**Information shown:**
++++++++

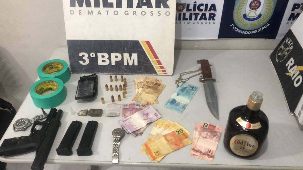 Policiais militares do 3º Batalhão de Cuiabá apreenderam, neste sábado (26.10), dois adolescentes, de 15 e 17 anos, e prenderam dois homens, de 19 e
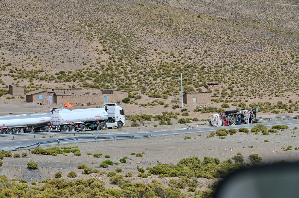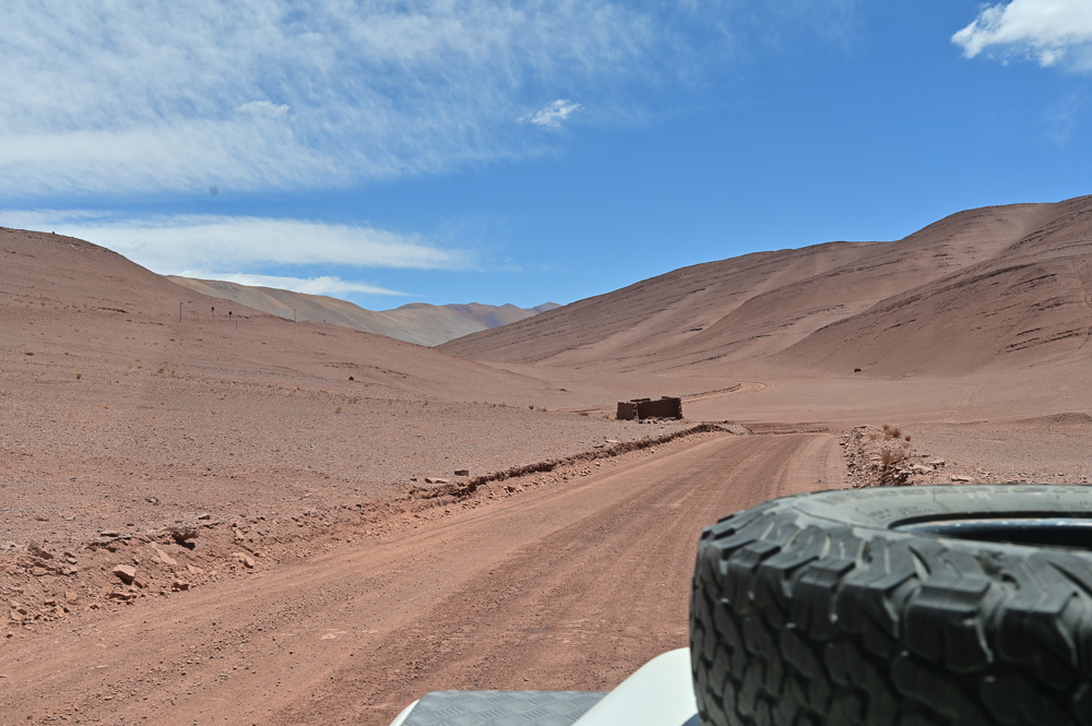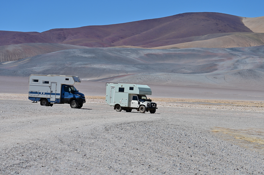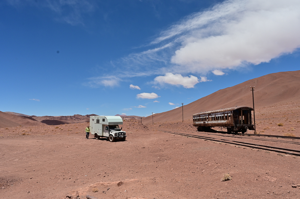 Ab dem Cono wird die Piste immer schlechter, hier fahren viele Minenfahrzeuge,Pickups und LKWs. Die Strecke führt uns noch durch die rote Disierto de Diabolo und dann „hinunter“ nach San Antonio (3800m), wo wir Freunde aus unserem Landyclub treffen.
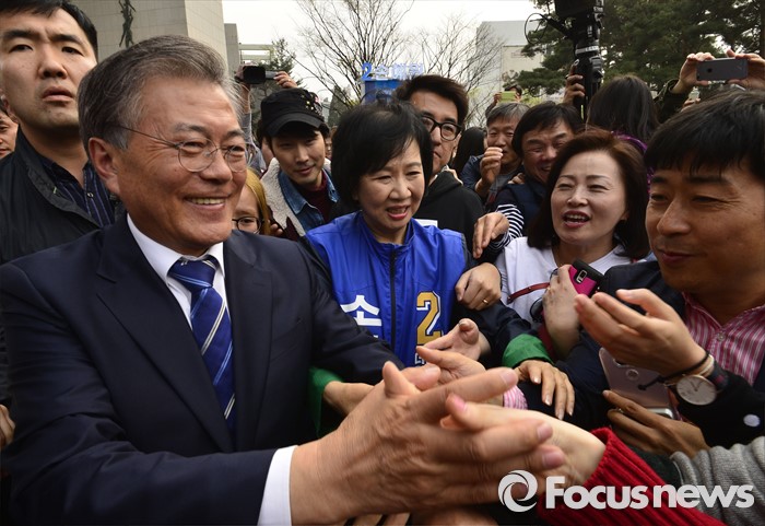| △ 시민들과 악수하는 문재인 |

++++++++

Each line of the data above must be reproduced as written. Skip the pictures.

**Exercise answer:**
 Policiais militares do 3º Batalhão de Cuiabá apreenderam, neste sábado (26.10), dois adolescentes, de 15 e 17 anos, e prenderam dois homens, de 19 e
 Ab dem Cono wird die Piste immer schlechter, hier fahren viele Minenfahrzeuge,Pickups und LKWs. Die Strecke führt uns noch durch die rote Disierto de Diabolo und dann „hinunter“ nach San Antonio (3800m), wo wir Freunde aus unserem Landyclub treffen.
| △ 시민들과 악수하는 문재인 |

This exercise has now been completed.